Кирин вернулся домой под утро — усталый, грязный, с запахом дешёвого пойла. Он не рискнул возвращаться домой в совсем невменяемом виде, отчего и задержался. Ему было плохо и ужасно стыдно за себя, но ничего с собой поделать омега не мог.
Войдя в комнату на цыпочках, он сразу увидел, что Виктор спит рядом с Ленни, обнимая его во сне, а Рюк посапывает за письменным столом, уронив голову на сложенные на столе руки. Лампа с зелёным плафоном ещё горела, выхватывая лежащий рядом с Рюком лист бумаги. В полусжатых пальцах юный альфа держал ручку. Разувшись, Кирин подошёл, посмотрел на написанное, и ему стало совсем плохо. Лист, вырванный из тетради в клетку, был подписан "Течки Ленни. Первая". Ниже было приписано: "Первая вспышка". Рюк написал предположительное время начала и конца, указав дату. Дальше шло время второй, которая закончилась пару часов назад. Ниже шёл краткий перечень того, что надо делать, чтобы облегчить страдания Ленни во время вспышки... Прочитав записи старшего внука, Кирин отшатнулся, прикрывая горящее от стыда лицо руками. Как он мог забыть?!! У Ленни же первая течка!!! Он должен был оставаться дома и ждать, когда вернутся из школы мальчики!!! Виктор рассердится... Боги, можно себе представить, как страшно было Рюку, когда он, придя домой, увидел, что никого нет, и до самого возвращения с работы папы сидел с братом один... Позор!..
Рюк вскинул голову, услышав тихий всхлип. Альфа... поэтому у него отличный слух.
— Деда... ты вернулся... А где ты был? Мы волновались... — Рюк сел прямо, продирая глаза.
— Только не надо ничего говорить, милый... Я знаю... я виноват... я вас подвёл...
— Тебе опять плохо, да? — Рюк встал со стула и подошёл к деду, желая обнять, но тот отпрянул. — Что не так?
— Не... надо... меня трогать... я грязный...
— Тогда иди в душ. Я тебе чистую одежду достану...
От заботы в голосе внука Кирина всё же прорвало, и несчастный омега сполз по стене на пол, трясясь от едва сдерживаемых рыданий.
— Прости... прости меня, мой мальчик... Прости, если сможешь...
— Ничего, я не сержусь. — Рюк всё же сел рядом с ним и обнял. — Ты только до конца течки не уходи никуда, ладно? На самой первой вспышке я сумел всё сделать правильно, и папа мне показал кое-что, но я боюсь, что не справлюсь завтра... то есть, уже сегодня. Ты мне поможешь?
— Конечно... конечно, милый, я никуда не уйду...
— Тогда иди в душ и вымойся, пока папа не проснулся, а то от тебя ещё и дрянью какой-то пахнет. Не надо, чтобы папа унюхал — он ещё больше расстроится, а ему работать весь день.

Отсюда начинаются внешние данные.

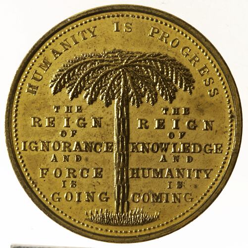 Tree fern in centre; around above, HUMANITY IS PROGRESS to left of fern, THE REIGN OF IGNORANCE AND FORCE IS GOING to right, THE REIGN OF KNOWLEDGE AND HUMANITY IS COMING
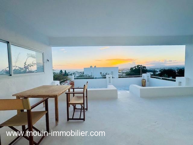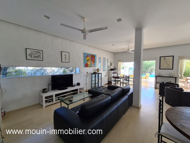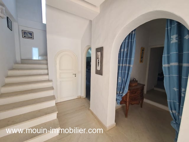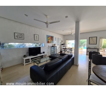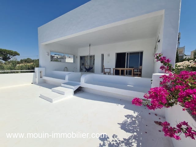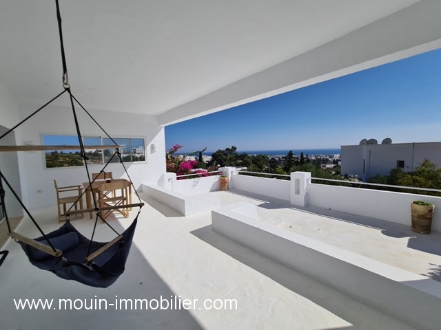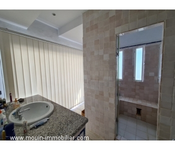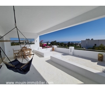 Quant à l’étage, on trouve un grand salon avec une terrasse et une suite parentale ouverte sur une grande terrasse bien aménagée et avec une vue panoramique sur la mer.
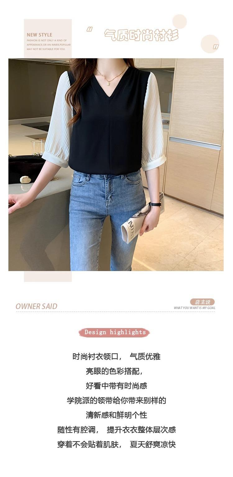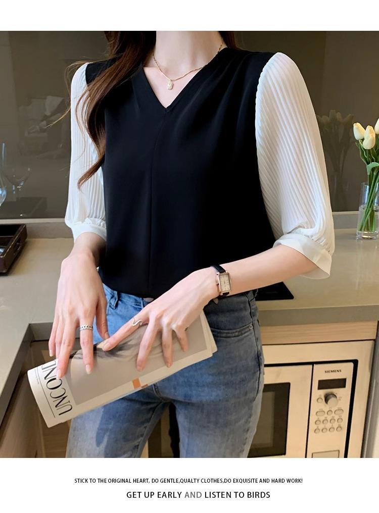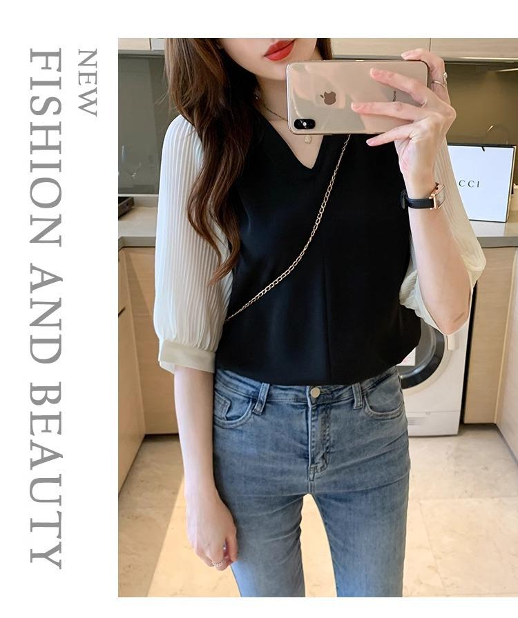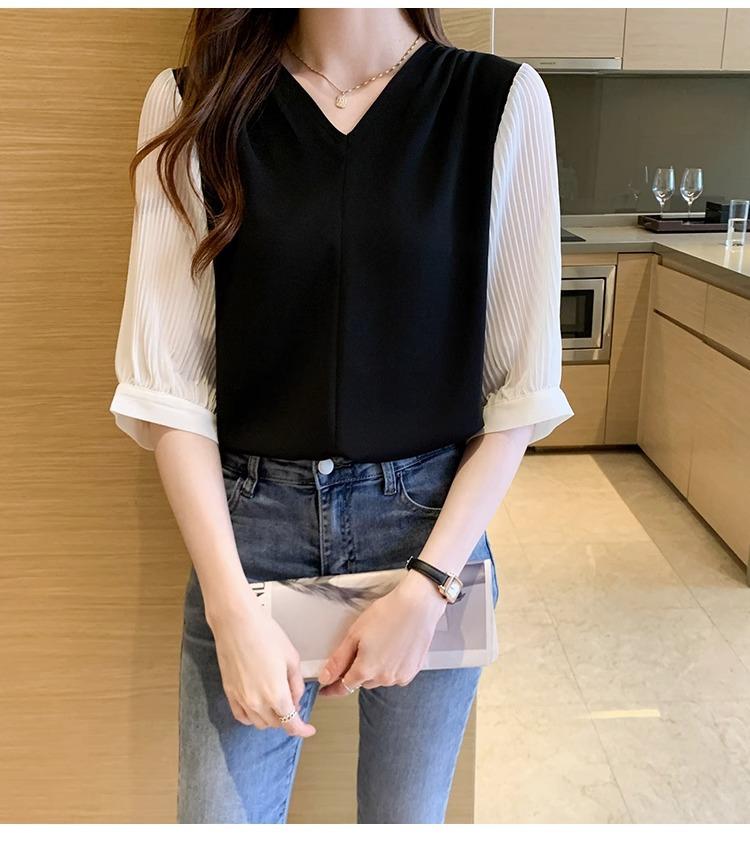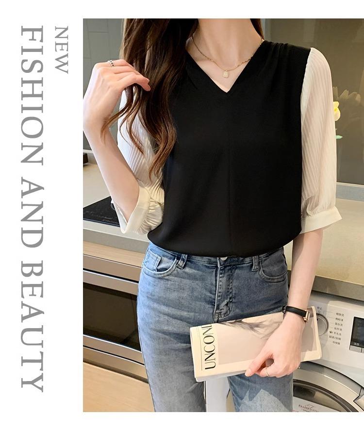 Camisa de Gasa para mujer ropa de verano 2024 nueva manga tres cuartos moda camisa pequeña top de manga corta ropa manga media moda
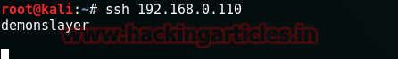 We try to login to port 22 assuming “demonslayer” to be the password but fail.
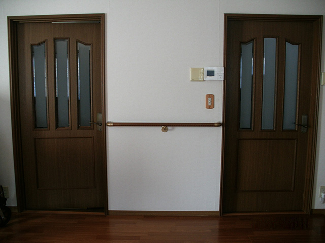 室内車椅子の生活の中から介助が無くても自力で歩行出来るようにしたい。動線に手摺りが有ると良い。
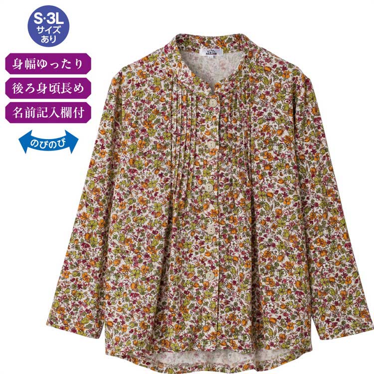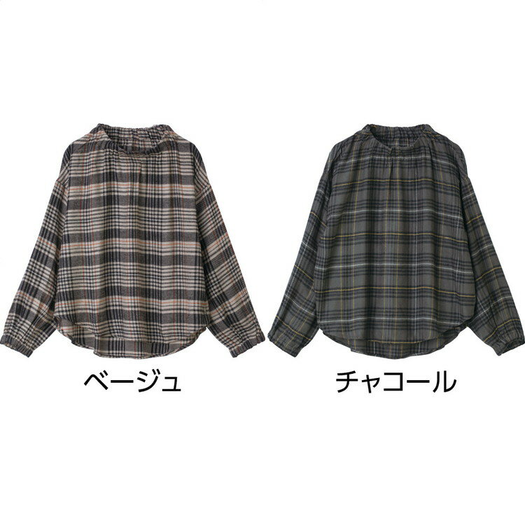 ブラウス レディース おしゃれ 秋冬 首元ゴムゆったりブラウス 821940 M〜L ケアファッション │ トップス 長袖 オシャレ着 襟元ゆったり チェック柄 格子柄 女性 婦人 ミセス シニア 上品 キレイめ 着やすい 脱ぎやすい プレゼント 2025AW
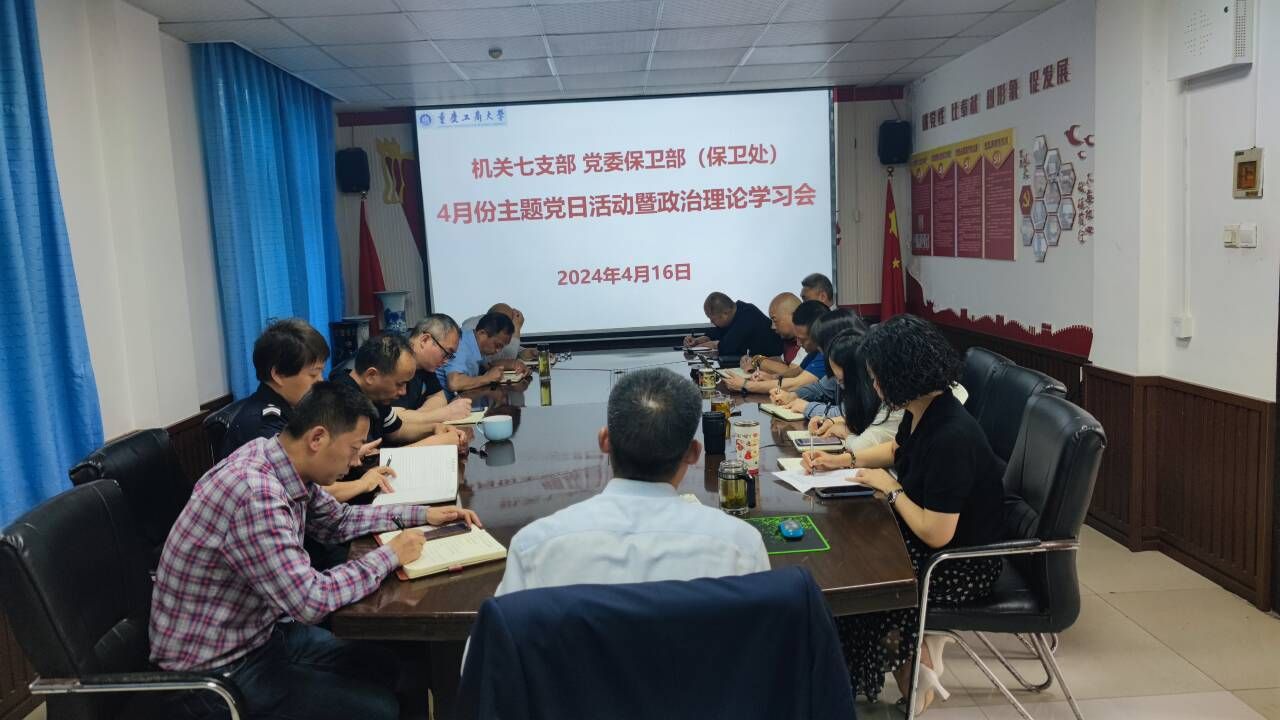 4月16日上午9:00,机关七支部、党委保卫部(保卫处)在支部党员活动室集中开展了4月份主题党日活动暨政治理论学习。活动采取“线下集中学+线上自主学+线上推送学+自己跟进学”的方式进行,活动主题为“坚定理想信念 勇担时代使命”。支部党员、部门干部、安保大队队长副队长参加了活动,支部书记、党委保卫部部长(保卫处处长)钱忠坤同志主持活动。

За завтраком хмурый и невыспавшийся Виктор долго в упор смотрел на своего родителя, который вяло ковырялся в тарелке, не смея на него глаза поднять. Наконец Виктор заговорил.
— Ты снова ходил в трущобы?
— Да, — чуть слышно ответил Кирин.
— Папа, я о чём тебя просил? Как ты мог забыть, что у Ленни течка?! Почему, когда мальчики пришли из школы, тебя не было дома?
— Прости...
— Чтоб до самого конца течки из дома ни ногой. В магазин будет ходить Рюк. Он, конечно, мальчик умный и способный, но ему всё равно понадобится помощь. Я весь день буду на работе, и вся надежда только на тебя. Ты всё понял?
— Да... я понял...
Близнецы настороженно следили за их разговором. Особенно Рюк, уговаривавший брата съесть хотя бы пару бутербродов.
Виктор со вздохом запустил пальцы в свои тёмные волосы. Он уже давно коротко стригся, забыв про длинные локоны, которые так любил когда-то расчёсывать после мытья его папа... особенно во время беременности.
— Папа, что с тобой происходит? Я уже давно подозревал, что с тобой творится неладное, но молчал, поскольку ты никогда нас не подводил. Наверно, зря я тянул так долго... Почему ты молчишь и не говоришь ничего?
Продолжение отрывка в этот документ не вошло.